Italian actor, comedian and television presenter

Vincenzo "Enzo" Iacchetti (born 31 August 1952) is an Italian stand-up comedian, actor, television presenter and singer.

== Biography ==
Born in Castelleone, Iacchetti graduated in accounting and then made his apprenticeship as an entertainer performing in pizzerias and in restaurants in occasion of baptisms and weddings. In 1978 he was responsible for the programming of Radio Tresa, a little radio station in Lavena, also working as a speaker and an interviewer. In 1979 he moved to Milan, where he started performing at the Derby Club alongside other future successful comedians such as Giorgio Faletti and Francesco Salvi.

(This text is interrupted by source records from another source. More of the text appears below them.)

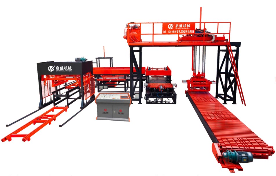 ?設(shè)備簡介 QS-1200B型自留孔高位碼垛系統(tǒng)是公司為了適應(yīng)市場多元化發(fā)展需要潛心研發(fā)的擁有獨立自主知識產(chǎn)權(quán)的專利產(chǎn)品.生產(chǎn)線適用于簡易型砌塊生產(chǎn)線的干產(chǎn)品碼垛,屬于半自動碼跺生產(chǎn)線,一般情況下獨立設(shè)置于產(chǎn)品養(yǎng)護堆場附近,對于養(yǎng)護好的制品就地碼垛,亦可串聯(lián)于砌塊生產(chǎn)線之中,實施在線碼垛。 本自動碼垛系統(tǒng)可將不同型號磚機生產(chǎn)的不同品種、不同規(guī)格的砌塊進行磚板分離、排塊整理,最后組成一米左右的方垛進行交叉碼垛,并可根據(jù)需要自動生成叉磚孔位。碼垛高度最高可達1400mm.碼垛完成后通過重型鏈?zhǔn)捷斔蜋C整垛輸出,可人工打包也可配套自動打包機.整套生產(chǎn)線上帶個節(jié)點都有做預(yù)存位置節(jié)約叉車跑動時間。 整套系統(tǒng)采用PLC+觸摸屏控制,配合激光感應(yīng)+翎畿傳感器,實現(xiàn)無人自動化運行,出現(xiàn)故障自動停機報警并顯示故障位速,無需專業(yè)技術(shù)人員就可輕松排除故障.搭載遠程控制系統(tǒng)+云數(shù)據(jù)設(shè)備生產(chǎn)廠家時時刻刻在辦公室就可解決一切問題.設(shè)備運行采用電、氣、液分別控制,互不干擾、動作連貫,約15s左右可碼一層,班碼磚量約150000塊(標(biāo)準(zhǔn)磚)。...
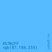Цвет #57BCFF в цветовой модели RGB обозначается тремя октетами (87, 188, 255) в десятичном формате и #57BCFF в шестнадцатиричном (hex) формате, которые являются интенсивностью красного 87 (hex 57), интенсивность зелёного 188 (hex BC) и интенсивность синего 255 (hex FF).
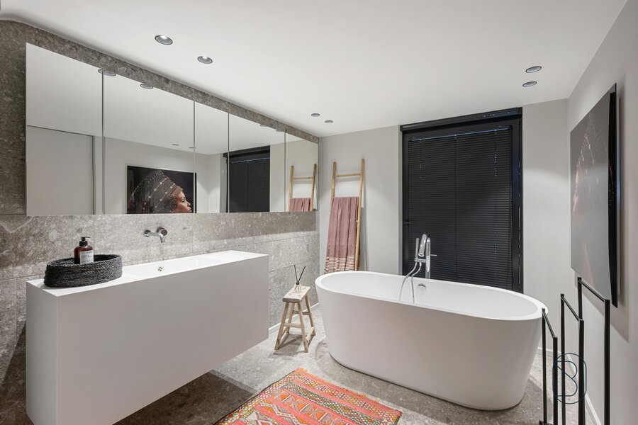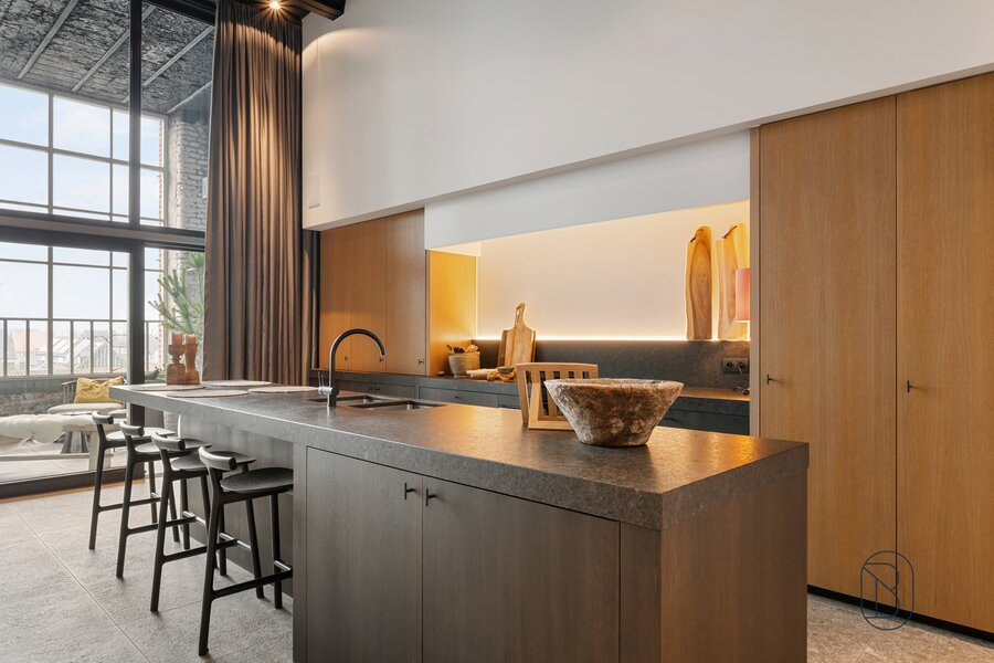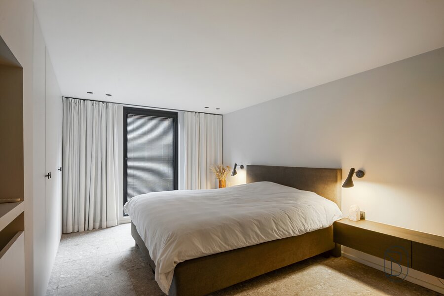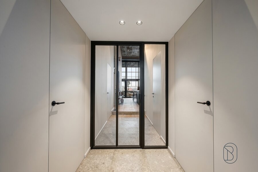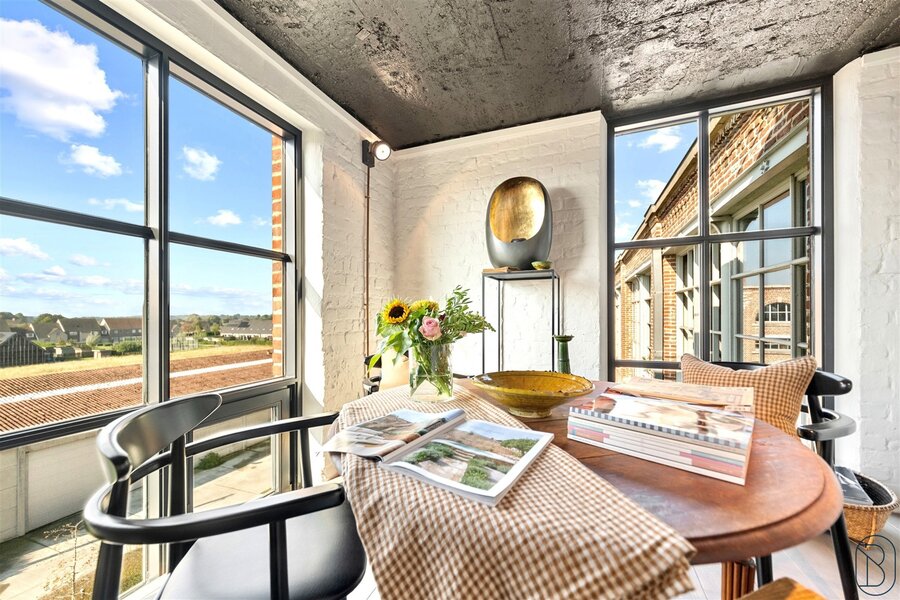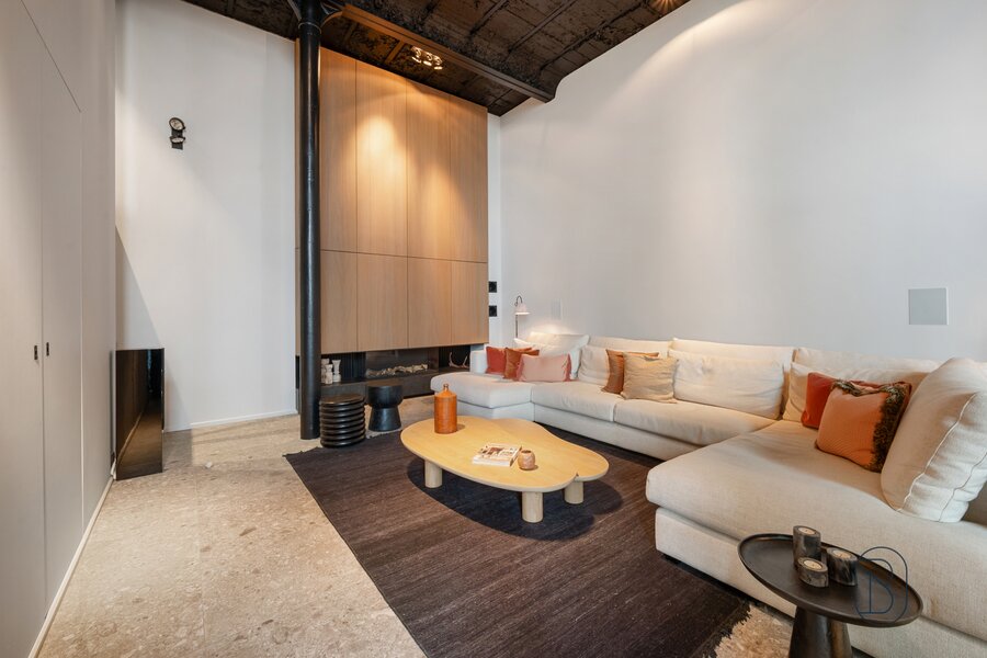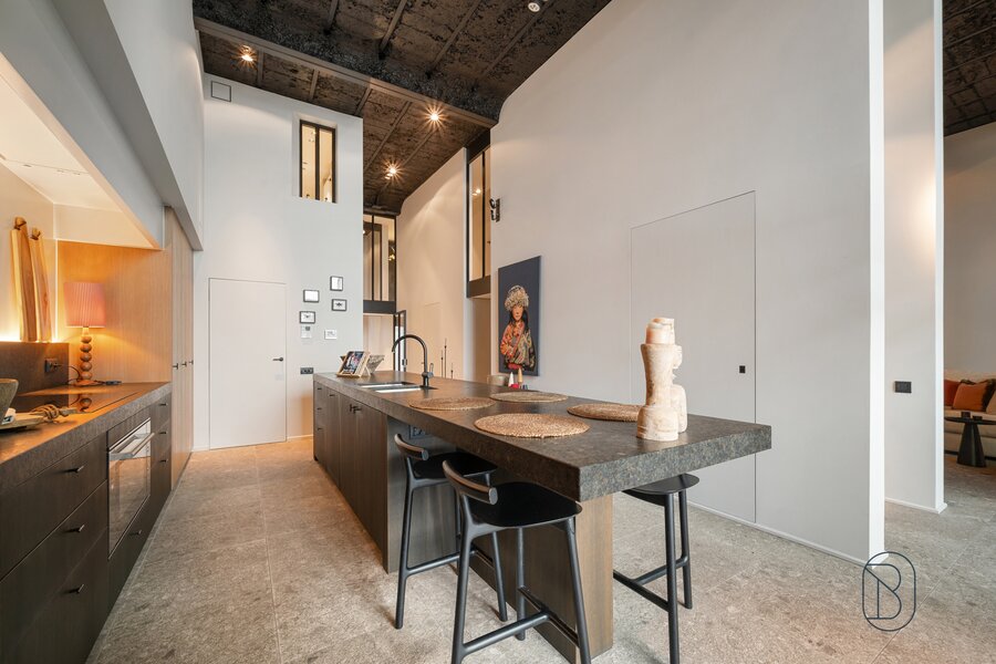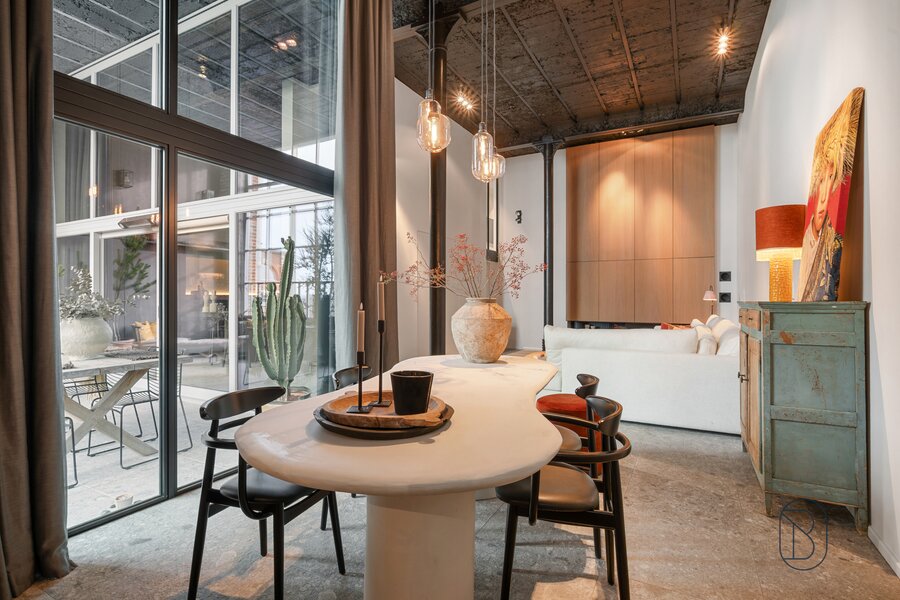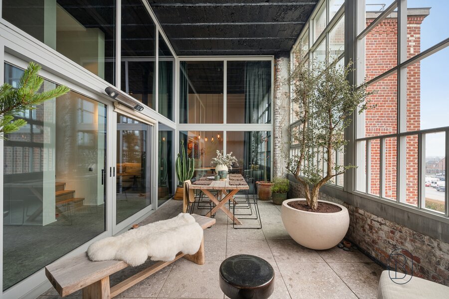 UNIQUELY finished EXCLUSIVE LOFT with 2 bedrooms and private bathroom, extra office space and charming covered TERRACE. You will feel like you are in another world when you enter this unique LOFT (the best materials, custom cabinets, TOP FINISH!). LAYOUT: entrance, toilet, laundry/storage room, technical room, LUXURY KITCHEN equipped with the best appliances and ISLAND, beautiful covered TERRACE (extra dining area and sitting area), cozy living room with gas fireplace, nice wine bar, extra desk space/reading corner, a master bedroom with private bathroom, and on the first floor a master bedroom with its own luxury bathroom and dressing. Additional garage and storage room purchase: 30,000 euros. UNIQUE OPPORTUNITY for those looking for ULTIMATE LUXURY. Visit by appointment with IMMO BEGUIN: info@immobeguin.be
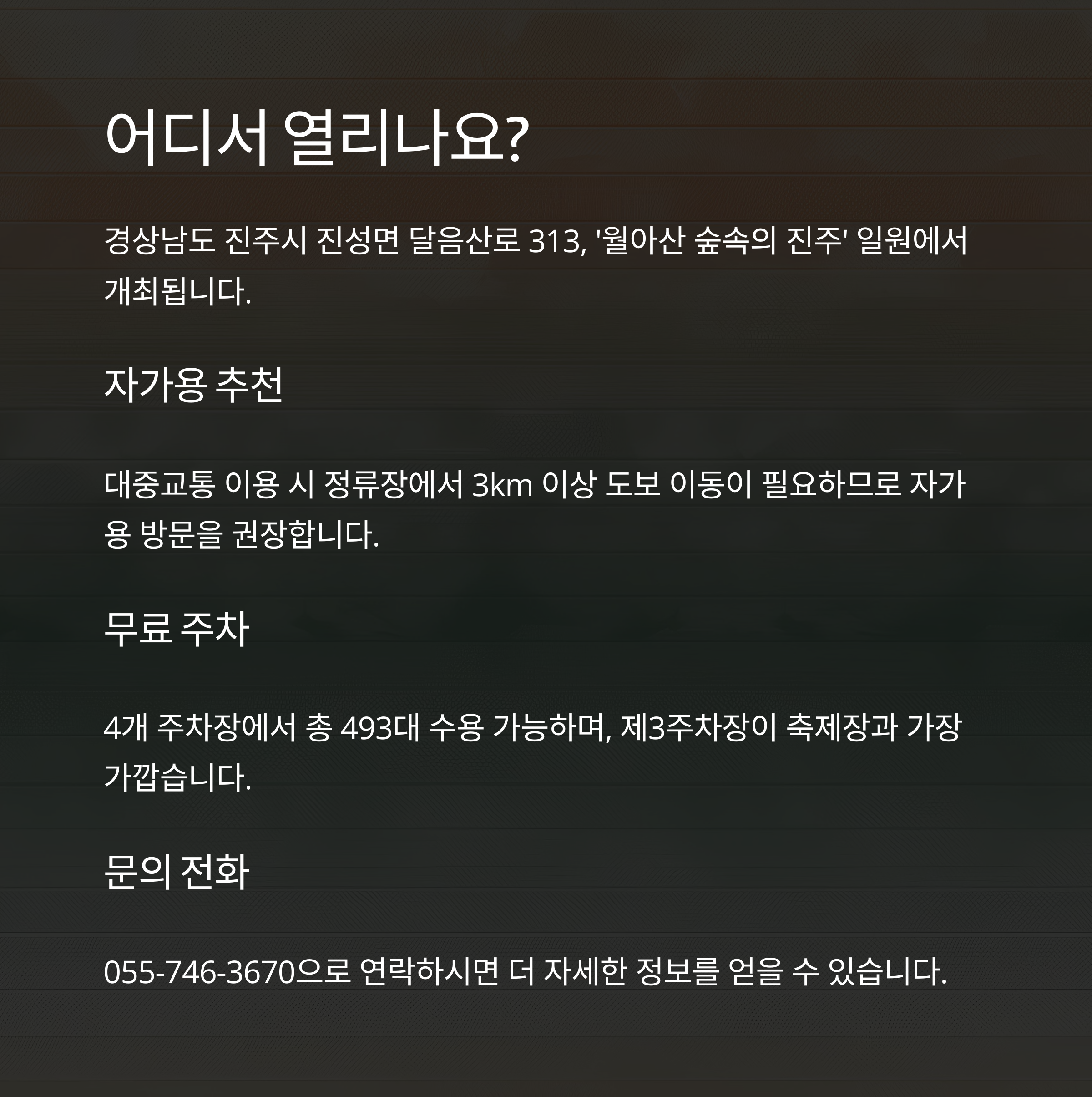 | 주차 | 4개 주차장, 총 493대(무료), 제3주차장 축제장과 가장 가까움 |
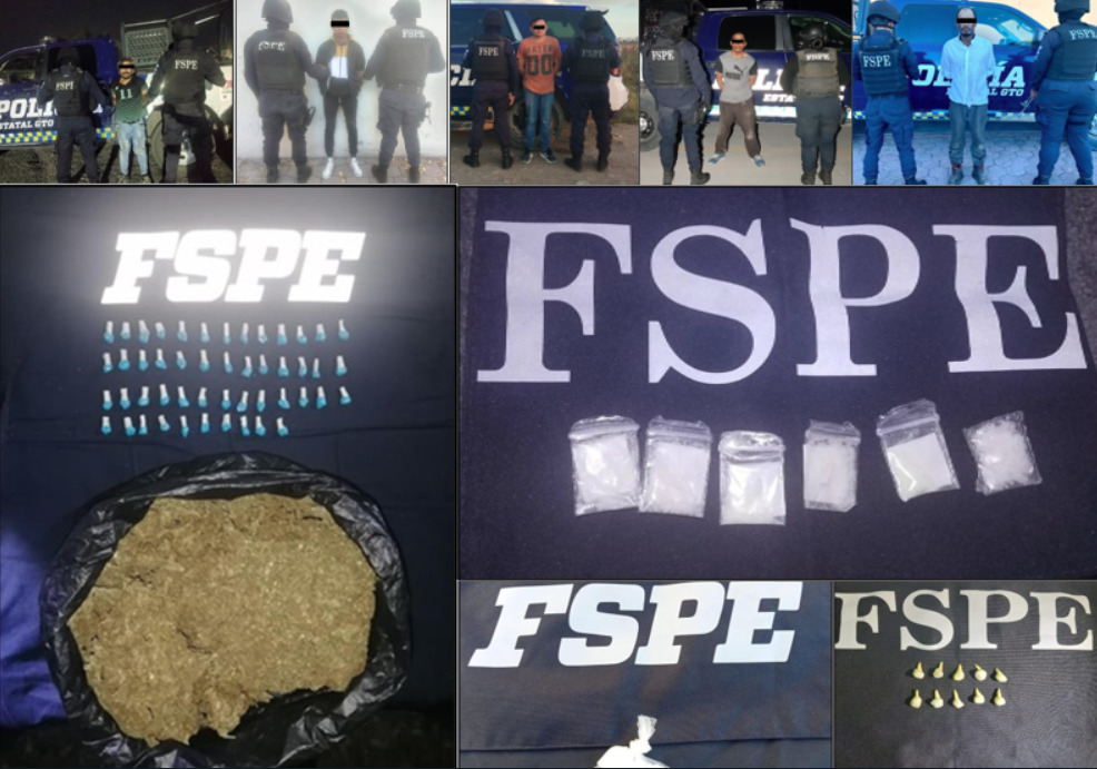 Guanajuato, Gto., 01 de noviembre de 2023.- Elementos de las Fuerzas de Seguridad Pública del Estado (FSPE) lograron asegurar en diversos municipios de la entidad, un total de 654 dosis de droga con las características del cristal y la mariguana.
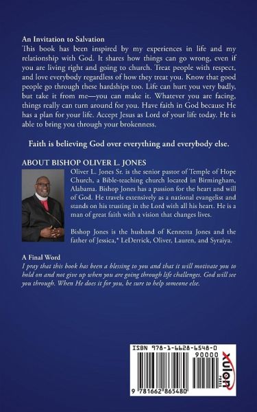 An Invitation to Salvation This book has been inspired by my experiences in life and my relationship with God. It shares how things can go wrong, even if you are living right and going to church. Treat people with respect, and love everybody regardless of how they treat you. Know that good people go through these hardships too. Life can hurt you very badly, but take it from me-you can make it. Whatever you are facing, things really can turn around for you. Have faith in God because He has a plan for your life. Accept Jesus as Lord of your life today. He is able to bring you through your brokenness. Faith is believing God over everything and everybody else. ABOUT BISHOP OLIVER L. JONES Oliver L. Jones Sr. is the senior pastor of Temple of Hope Church, a Bible-teaching church located in Birmingham, Alabama. Bishop Jones has a passion for the heart and will of God. He travels extensively as a national evangelist and stands on his trusting in the Lord with all his heart. He is a man of great faith with a vision that changes lives. Bishop Jones is the husband of Kennetta Jones and the father of Jessica, * LeDerrick, Oliver, Lauren, and Syraiya. A Final Word I pray that this book has been a blessing to you and that it will motivate you to hold on and not give up when you are going through life challenges. God will see you through. When He does it for you, be sure to help someone else.
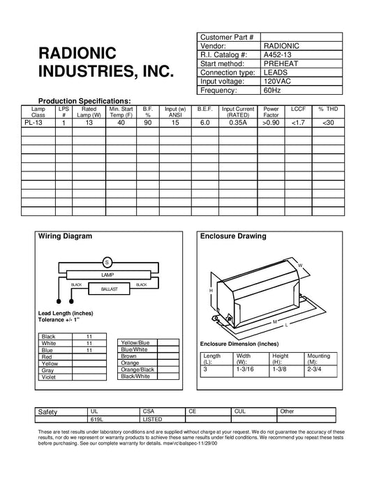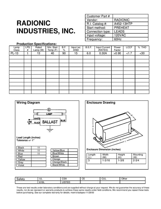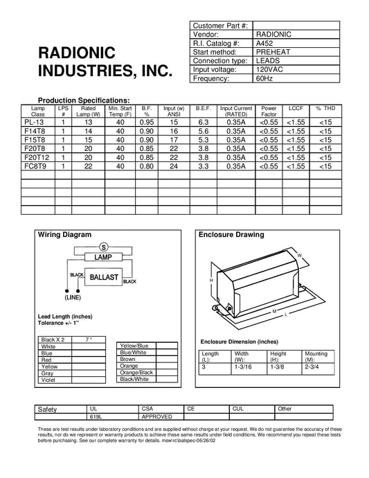 A452 120v for (1) PL-13, F14T8, F15T8, F20T8, F20T12 or FC8T9 lamp
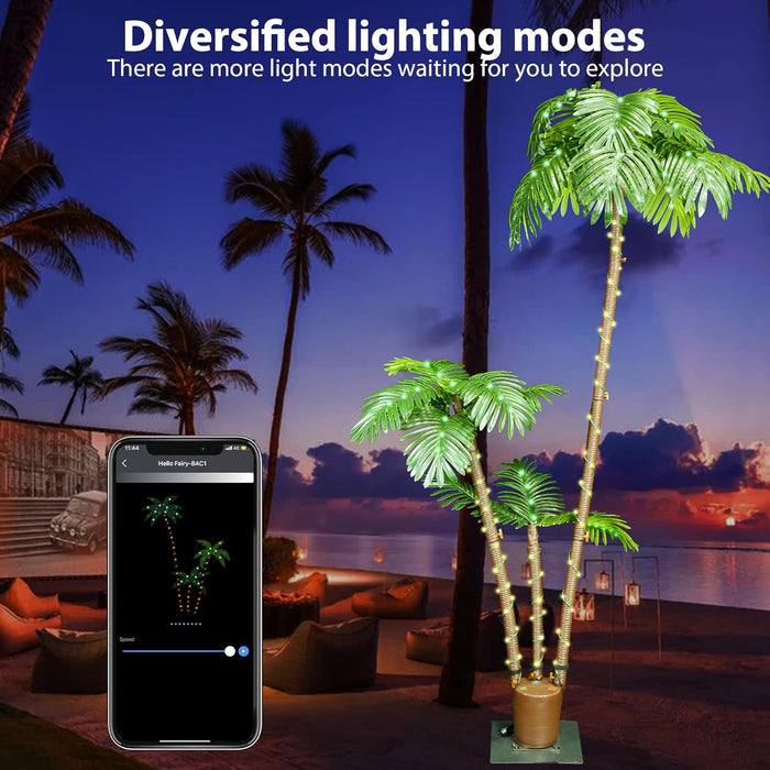 6FT/7FT Lighted Artificial Smart Palm Tree Christmas Tree Warm White with App Control

In 1981 Iacchetti made his television debut, playing a series of practical jokes for the RAI show Il Sabato dello Zecchino. After appearing in a number of other variety shows, he had his breakout in the early 1990s as a recurring guest in the Canale 5 talk show Maurizio Costanzo Show, where he became popular for his "bonsai" songs, very short humor songs usually lasting less than a minute whose lyrics were surrealistic and often nonsensical. Starting from 1994, Iacchetti got a large success as the presenter of the satirical Striscia la notizia, a role he reprised in the following seasons. In 1995, he made his debut as lead actor in the film Come quando fuori piove.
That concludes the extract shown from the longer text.